= Minimum mean weight cycle =

In graph theory, a minimum mean weight cycle is a cycle whose average weight (total weight divided by length) is smallest among all cycles in the graph. An analogous problem is the maximum mean weight cycle. These problems have applications to embedded systems and logic chip design.

== Definitions ==
Let G = (V,E) be a directed graph in which each edge has a weight (positive or negative). The weight of any path or cycle p = (e_{1},...,e_{k}), is the sum of weights of the edges: w(p) = w(e_{1}) + ... + w(e_{k}). The mean weight of p is the weight of p divided by the number of edges in it: w(p)/len(p).

The minimum cycle mean weight in G is the minimum, over all directed cycles p in G, of w(p)/len(p). A minimum mean weight cycle is any cycle with the minimum mean weight.

== Algorithms ==
Lawler presented an algorithm for computing a minimum mean weight cycle using O(log |V|) calls to an algorithm for solving the negative cycle problem. There exists such an algorithm that runs in time O(|V||E|), so the total runtime of Lawler's algorithm is O(|E||V|log |V|).

=== Karp's algorithm ===
Karp presented a characterization of the minimum cycle mean weight, and presented an algorithm that runs in time O(|V||E|). An analogous algorithm can be used for finding a maximum mean weight cycle.

Let G be any directed graph, and let s be a fixed vertex in G. For every nonnegative integer k and every vertex v in G, define H_{k}(v) as the maximum cost of a path of length k from s to v; if no such path exists, then H_{k}(v) = minus infinity.

The main lemma says that the maximum mean cycle weight of G equals(*) $\max_{v\in V} \min_{0\leq k\leq n-1} \frac{H_n(v)-H_k(v)}{n-k}$Proof. It is sufficient to prove the lemma for the case in which the maximum mean cycle weight equals 0. This is because adding a constant weight to each edge adds the same constant both to the maximum mean cycle cost and to the expression in (*).

Suppose the maximum mean cycle weight is 0. Then there is a cycle with cost exactly 0, but no cycles with a positive cost.
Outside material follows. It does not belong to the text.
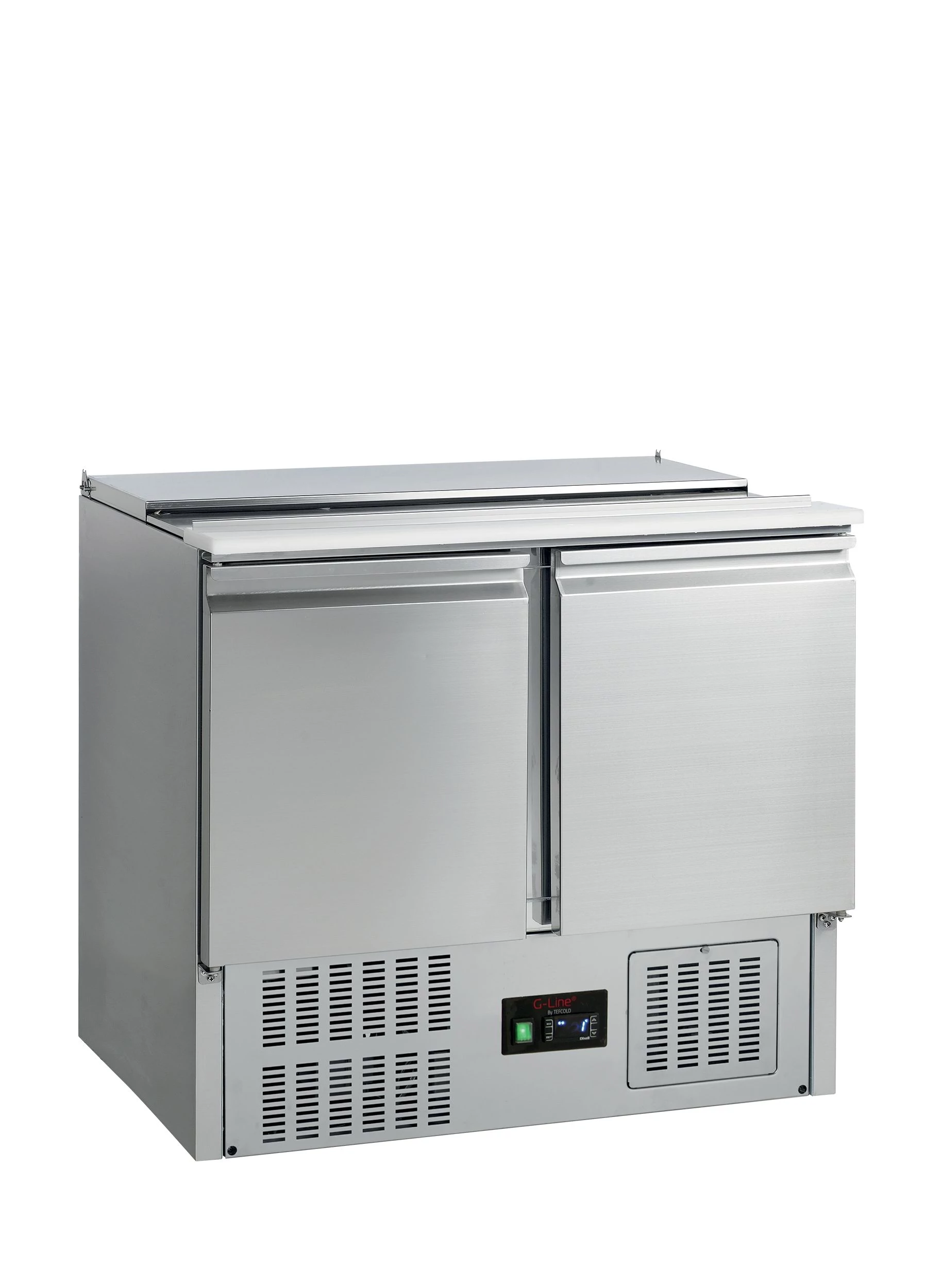 Rozsdamentes salátás hűtött munkaasztal, eltolható tetővel - 2 ajtós

We first prove that (*) is at most 0. As G has no positive-cost cycles, for every node v, there is a maximum-cost path of length smaller than n from s to v. Let k_{v} be the length of this maximum-cost path. Then H_{kv}(v) >= H_{n}(v), so the expression inside the min in (*) is at most 0 when k = k_{v}. As k_{v} <= n-1, the minimum in (*) is at most 0. As this holds for every node v, the maximum in (*) is at most 0 too.

We now prove that (*) is at least 0. G has a zero-cost cycle; let w be some node in that cycle. Let P_{0} be a maximum-cost path from s to w. For every t >= 1, let P_{t} be a concatenation of P_{0} with t copies of the cycle; as the cost of P_{t} equals the cost of P_{0}, it is also a maximum-cost path from s to w.  Every prefix of a maximum-cost path is also a maximum-cost path from s to its endpoint. When t is sufficiently large, P_{t} has a prefix of length n; it is a maximum-cost path from s to some node w'. Then H_{n}(w') >= H_{k}(w') for all k, so the expression inside the min in (*) is at least 0 for all k, so the minimum in (*) is at least 0. Taking v=w' in the maximum shows that the maximum in (*) is at least 0 too.
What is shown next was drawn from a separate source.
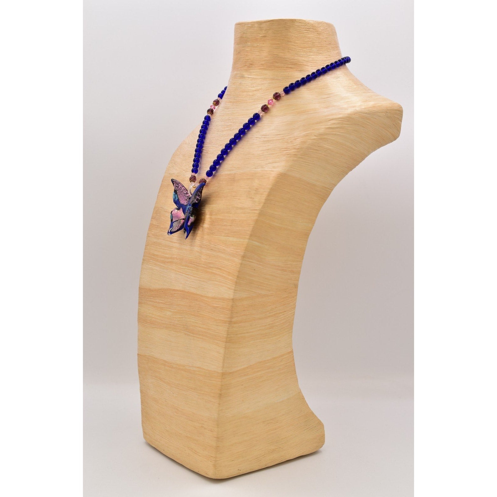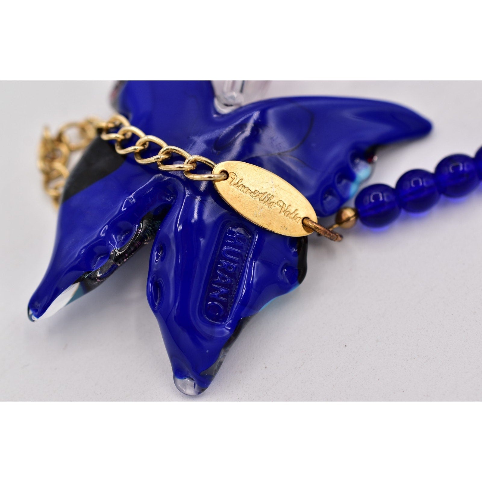 Striking vintage Murano glass butterfly necklace featuring vivid cobalt blue and pink dichroic tones, paired with a signed Uno Alla Volta clasp for an elegant artisan finish.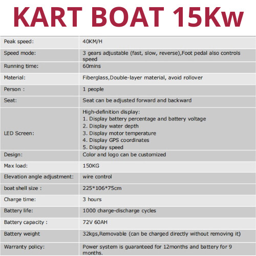 A full electric mini kart racing boat, 2.25 long x 1 m wide, 15kw electric power, 60Wh battery …13k€ tax included.

Therefore, when the maximum mean cycle cost is 0, (*) equals 0, which is sufficient to complete the proof.

It is possible to compute H_{k} using dynamic programming in time O(|E||V|); then it is possible to find the maximum mean cycle weight using (*). The cycle itself can be found as follows:

- Find the maximizing v and the minimizing k in (*).
- As the outcome for this v and this k is finite, both H_{n}(v) and H_{k}(v) are finite. This means that there exists a maximum-weight path of length n from s to v, and a maximum-weight path of length k from s to v. Therefore, the path of length n contains a cycle of length n-k; this is the maximum mean weight cycle.
Chaturvedi and McConnell identified an error in Karp's algorithm for constructing a cycle attaining the minimum mean weight. They presented a corrected algorithm.

=== Newer algorithms ===
Dasdan and Gupta study maximum mean weight cycle, and present an algorithm that is provably always faster than Karp's algorithm.
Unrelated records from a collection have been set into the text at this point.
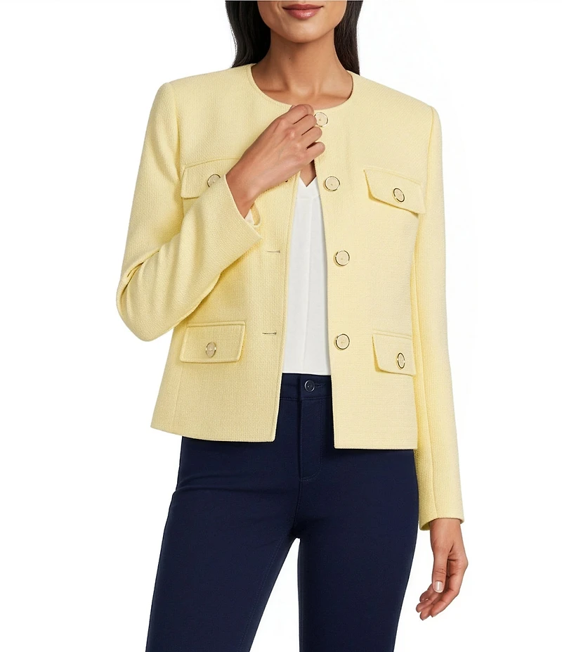 Jones New York Tweed Crew Neck Long Sleeve Button-Front Jacket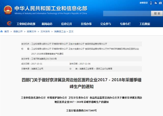 四部委通知:11月15日起涉VOCs工序的原料药企,原则上停产5个月(采暖季,京津冀及"2+26"城市)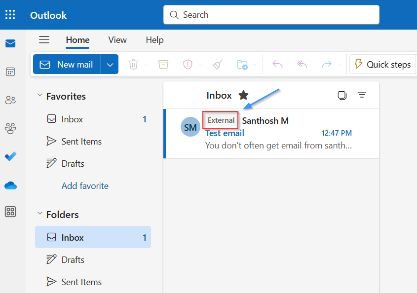 Verify: send an email from outside the tenant and confirm the external sender callout appears in Outlook.

Albrecht, Korte, Schietke and Vygen relate the problem of maximum mean weight cycle to the minimum balance problem: find a potential function such that the "slacks" of all edges are optimally balanced. Both problems can be solved by a parametric shortest path algorithm. They show that parametric shortest path can be used for solving more general variants of these problems, with constraints that are relevant to optimizing the clock schedule of a logic chip.